The XRP price gained 7.15% this week and turned April into the strongest month for Ripple holders since September 2025, beating Bitcoin and Ethereum while the broader market stayed flat. Ripple’s partnership with Kyobo Life to pilot Korea’s first tokenized government bond settlement added real demand behind the numbers, and the rally brought XRP back above $1.43 after months of testing lower levels.

A different opportunity is building below the large cap radar. Pepeto crossed $9.29M raised at presale pricing that the open market will never offer again, and the confirmed Binance listing turns every dollar entered today into a position that analysts say could return 50x to 100x, returns the XRP price cannot produce from $1.43.

Ripple (XRP) Posts Best Weekly Rally of 2026 as Kyobo Life Tokenized Bond Deal Goes Live

Yahoo Finance reported that April 2026 is shaping up as XRP’s best month since September 2025, with the token gaining roughly 7.15% in one week while outpacing every major cryptocurrency. 

CoinDesk confirmed that Ripple partnered with Kyobo Life on April 15 to launch Korea’s first tokenized government bond settlement through Ripple Custody, opening stablecoin payment rails for the country’s largest life insurer.

When the XRP price breaks through resistance on real partnership news and record ETF inflows, every presale entry with a confirmed exchange listing benefits from the same wave of capital rotating into crypto.

XRP Price, Pepeto, and the Presale Entry That Outpaces Large Cap Returns

Pepeto Presale Crosses $9.29M as Exchange Tools Process Live Volume

Ripple’s rally proves that crypto still rewards patient holders, but the XRP price at $80 billion market value needs months to deliver returns that presale entries can produce from a single listing. Pepeto already collected $9.29M from wallets that entered at $0.0000001865, a price point six decimal places away from where meme coins trade after their first exchange day.

The team behind this presale includes the cofounder who built the original Pepe token from nothing to an $11 billion market cap, and a former Binance executive who shaped the exchange listing process from the inside. SolidProof ran a full independent audit on every contract before the presale opened, and every line of code passed without findings. PepetoSwap already processes trades across Ethereum, BNB Chain, and Solana with zero fees, meaning the exchange does not take a cut from your position when you move between chains.

cross-chain-bridge

The AI contract scanner grades any token for hidden risks before your capital touches it. Both tools run on a live platform today, and 420 trillion tokens match the supply structure that powered Pepe from zero to billions. The CoinMarketCap preview page went live, confirming the listing path that preceded every major Binance debut.

Holders who staked before the listing earn 180% annual yield on positions that keep growing while the XRP price needs $2.80 just to double. The Binance listing date could drop any day, and once it does, six decimal zeros turn into a price that early wallets calculated months ago. The presale adds capital faster each round because the wallets inside are not guessing, they ran the numbers, and the math only works at this entry.

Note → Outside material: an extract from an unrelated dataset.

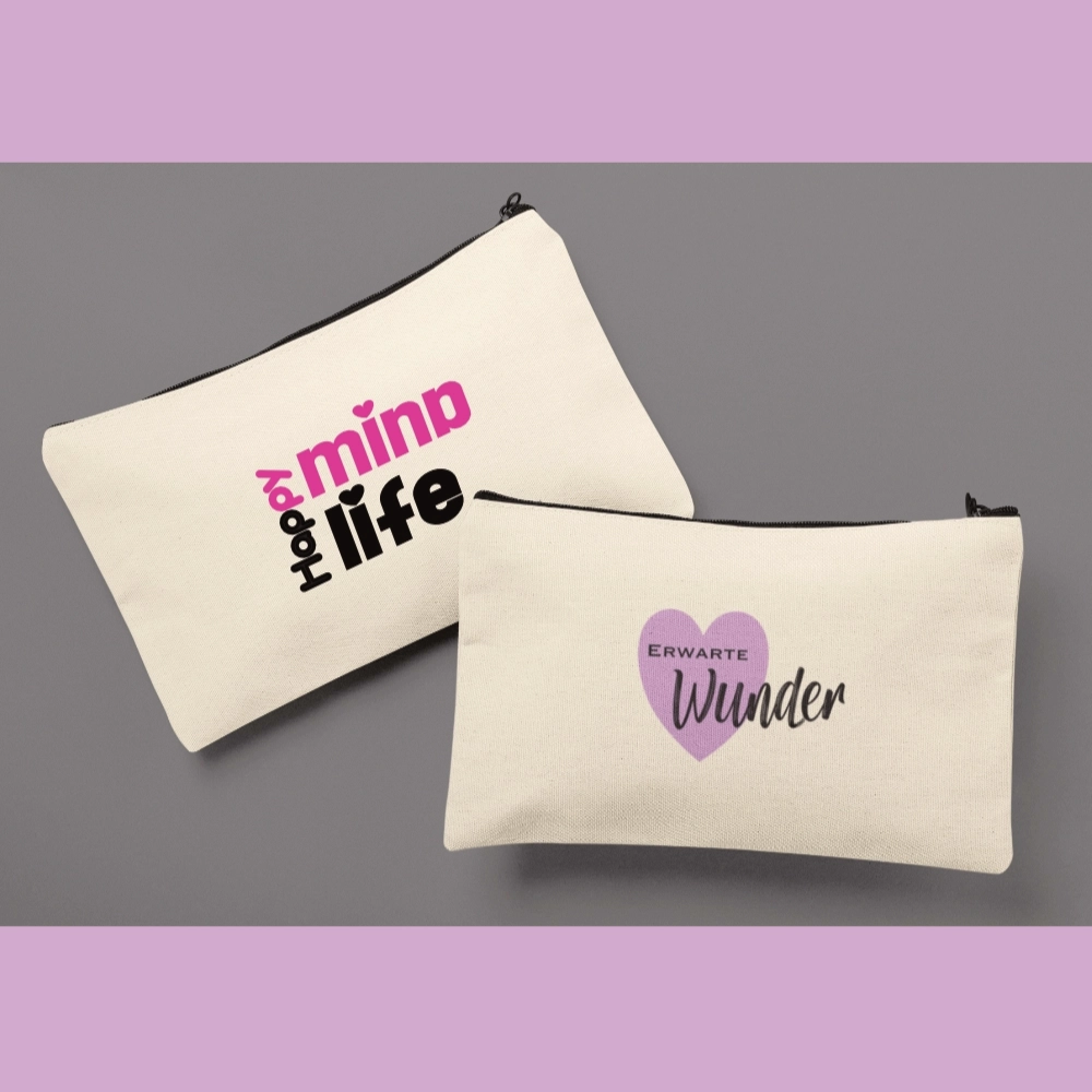 Universaltasche/ Kosmetiktasche mit der Botschaft „Happy Mind, Happy Life“ so wahr, dass wir es in jedem Moment leben dürfen.

Ripple (XRP) Price at $1.43 as April Rally Tests $1.45 Resistance

Ripple (XRP) trades at $1.43 according to CoinMarketCap, up 7.15% on the week and pressing against the $1.45 resistance that rejected every rally in 2026. 

xrp-price

Around 36.8 billion XRP sits at a $1.44 cost basis, which means millions of wallets are waiting to sell into any break above that level. Kyobo Life and Rakuten partnerships add real use, but Standard Chartered cut its 2026 XRP price target from $8 to $2.80, and even that number needs months of patience and clean macro conditions. 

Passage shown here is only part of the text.